The impact of systems medicine will be enormous for the entire healthcare system and its associated industries. Pioneering individuals who have managed to anticipate the occurrence of disease and take preventive measures through a regular assessment of their exposome monitored through connected mobile devices (environmental and occupational exposures, nutrition, sleep, exercise, and stress), clinicome (biological and clinical features), and integrome (metabolomics, proteomic, transcriptomic, epigenomic, genomic, and genetic features) provide the basis for effective implementation of systems P4 medicine.4,5 Recent advances have made it possible to scale up the monitoring of well-being, health, and disease through the collection of billions of data points for increasing number of individuals who are healthy, at risk of developing disease, or in the course of disease development, with the active participation of individuals through social networks.6,7 The development of an open standard protocol enabling full compliance with personal data and privacy protection regulations will catalyze the transformation of healthcare delivery and the transition toward emphasis on management of well-being. 8 With the full deployment of systems medicine, through their monitoring over a long period of time, individuals will be provided with actionable recommendations to maintain their state of health and well-being, detect early events indicative of a risk or a transition to disease, enabling their management and reversal. The expectation is that expanding the monitoring from one to millions then billions of individuals over the next 25 years will trigger in one generation a reversal of the escalating costs of healthcare management, drug, and diagnostic development, providing the basis for a more cost-efficient and sustainable integrated healthcare system.
Is There Anything Else Relevant to Systems Medicine That You Find Important to State?
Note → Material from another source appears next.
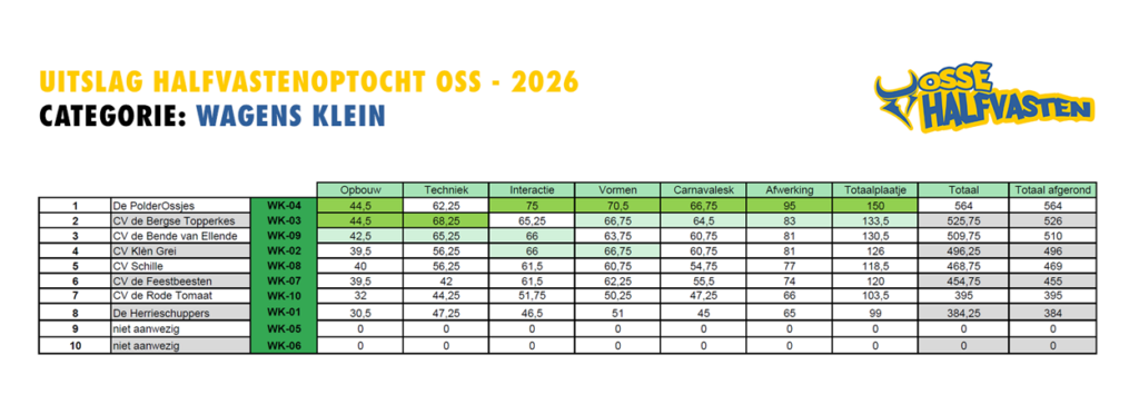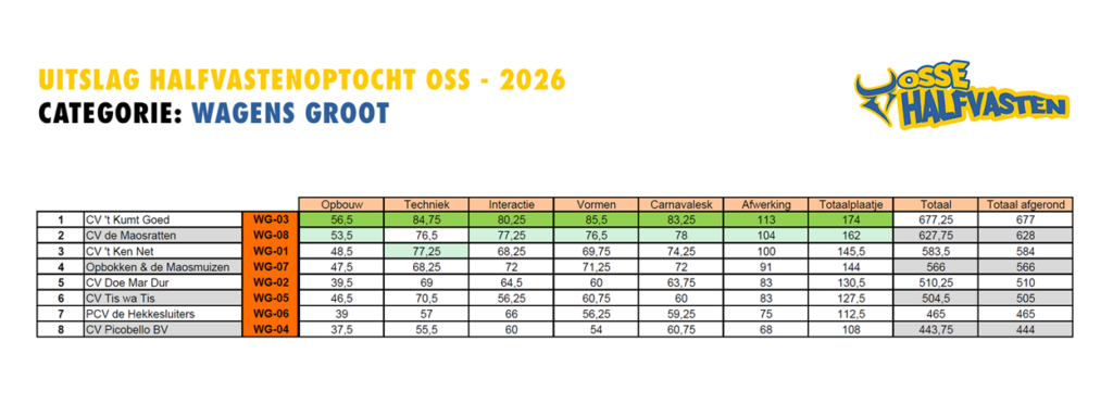 1. WG-03 – CV ’t Kumt Goed – 677 punten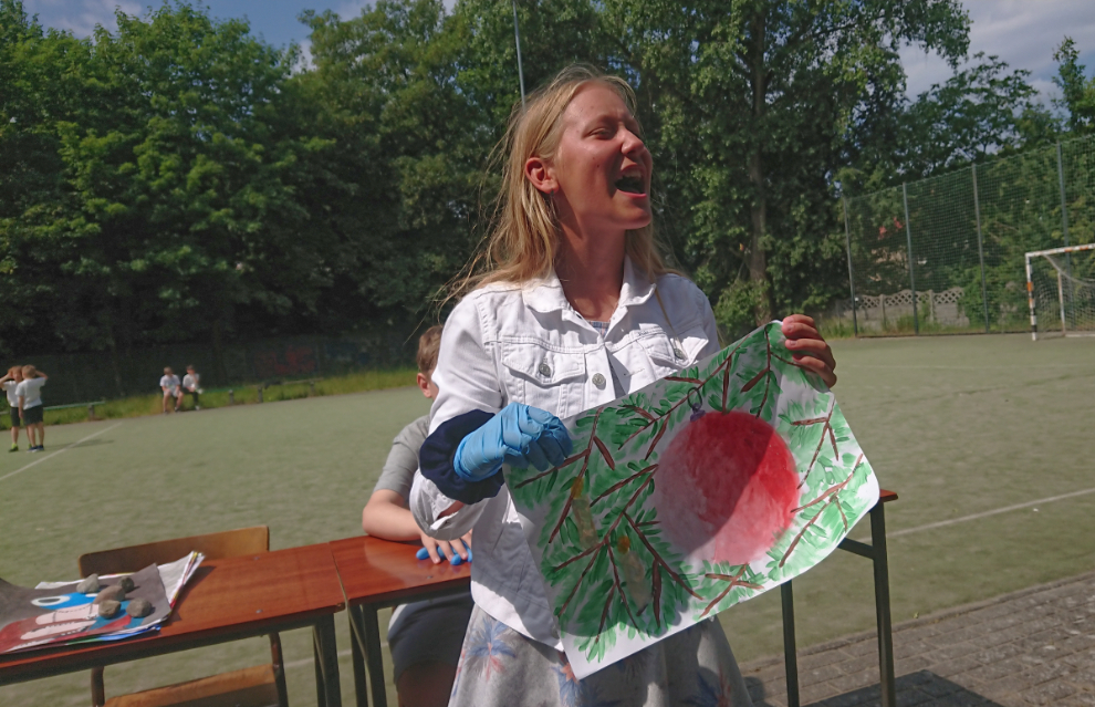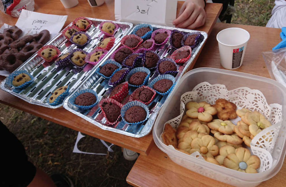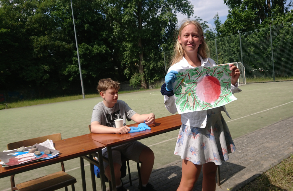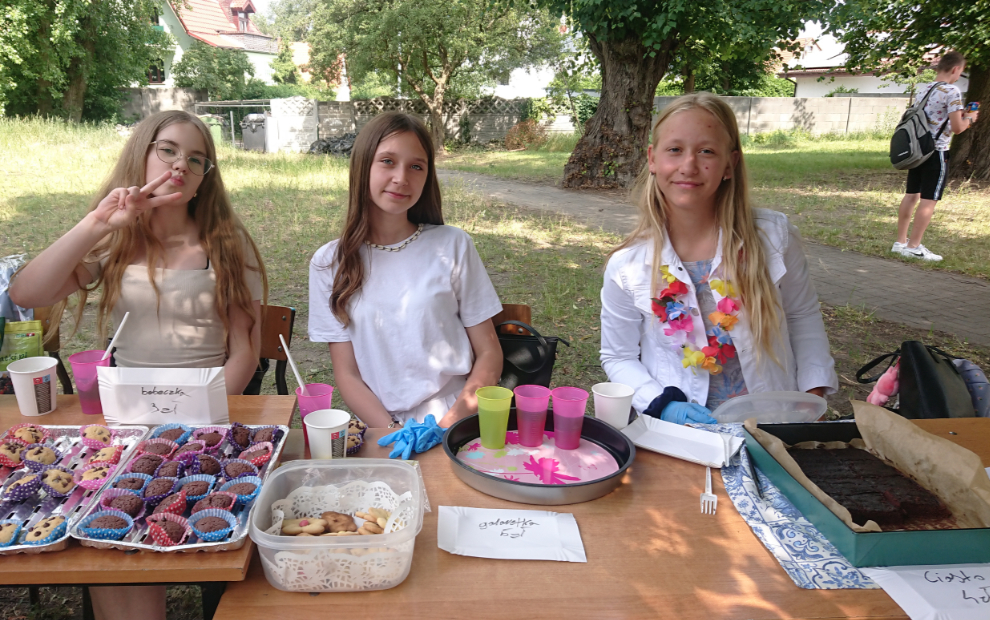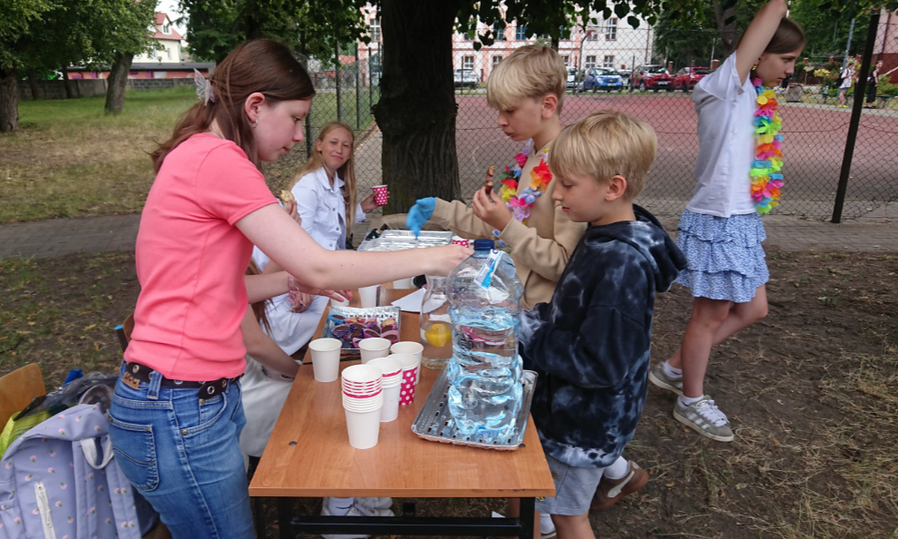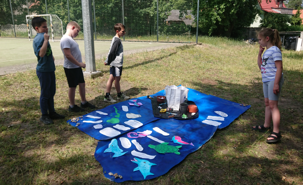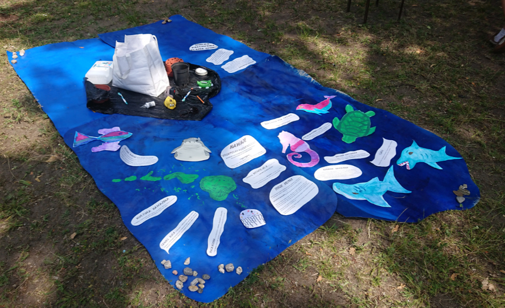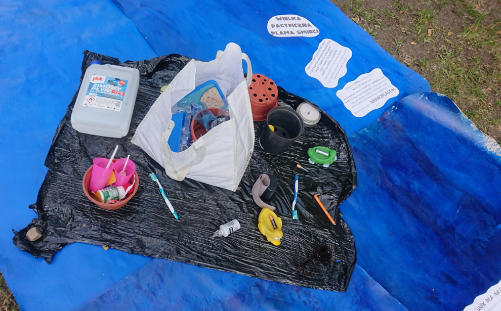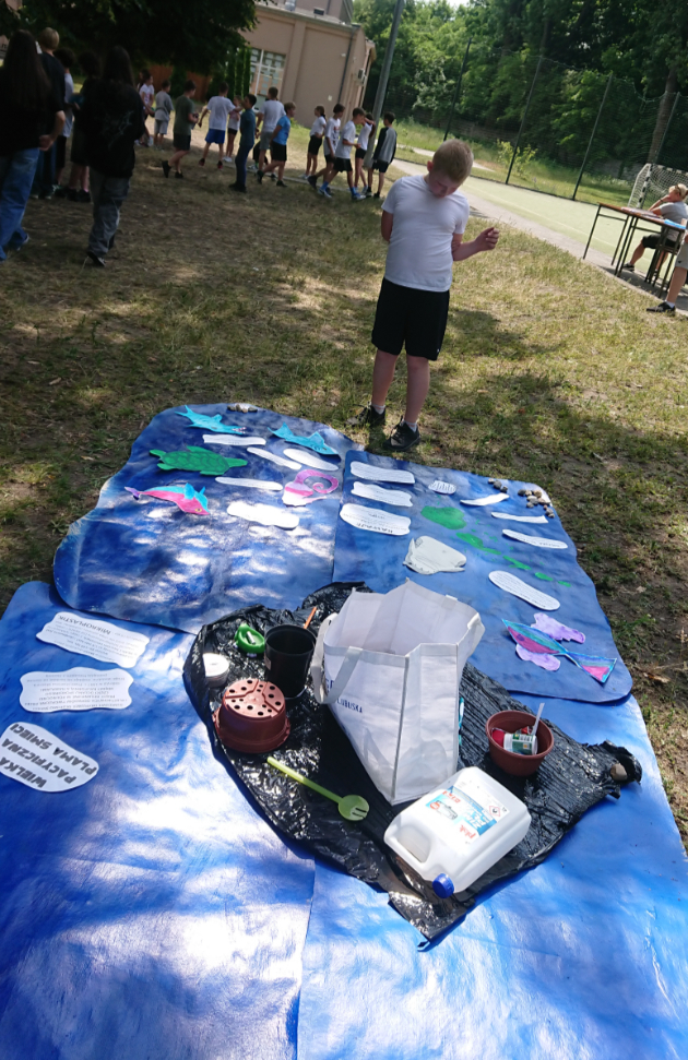 Podczas happeningu stworzyliśmy makietę Oceanu Spokojnego wraz ze śmieciową wyspą, rafą koralową wokół Hawajów, Piotr i Tymur przeprowadził aukcję dzieł sztuki stworzonych przez uczniów klasy 7c (Iza, Kaja, Tymur), a młodsi uczniowie mogli wziąć udział w warsztatach tworzenia hawajskich naszyjników z recyklingu. Wykorzystaliśmy do tego denka plastikowych butelek. Tańczyliśmy hawajski taniec hula (prowadzące: Kaja, Ania) i smakowaliśmy owocowe pyszności i babeczki na kiermaszu, przygotowanym przez Izę, Lilę, Maję i Asię.

As in many other scientific and technological fields, the European Union has demonstrated its potential to play a leading role in the development of systems medicine. 8 The European Commission has invested very significant resources during the past decades in the development of systems biology and systems medicine, that is, through the Coordinating Action for the implementation of Systems Medicine in Europe (CASyM), which led to the formation of the European Association of Systems Medicine (EASyM; http://easym.eu), and a call for action to make sense of big data in health research. 9 The journal Systems Medicine will hopefully serve as a vehicle to echo the progress made in demonstrating the effectiveness of systems medicine principles, first in successful proof-of-concept pilot projects, then with deployment through renovated healthcare systems worldwide.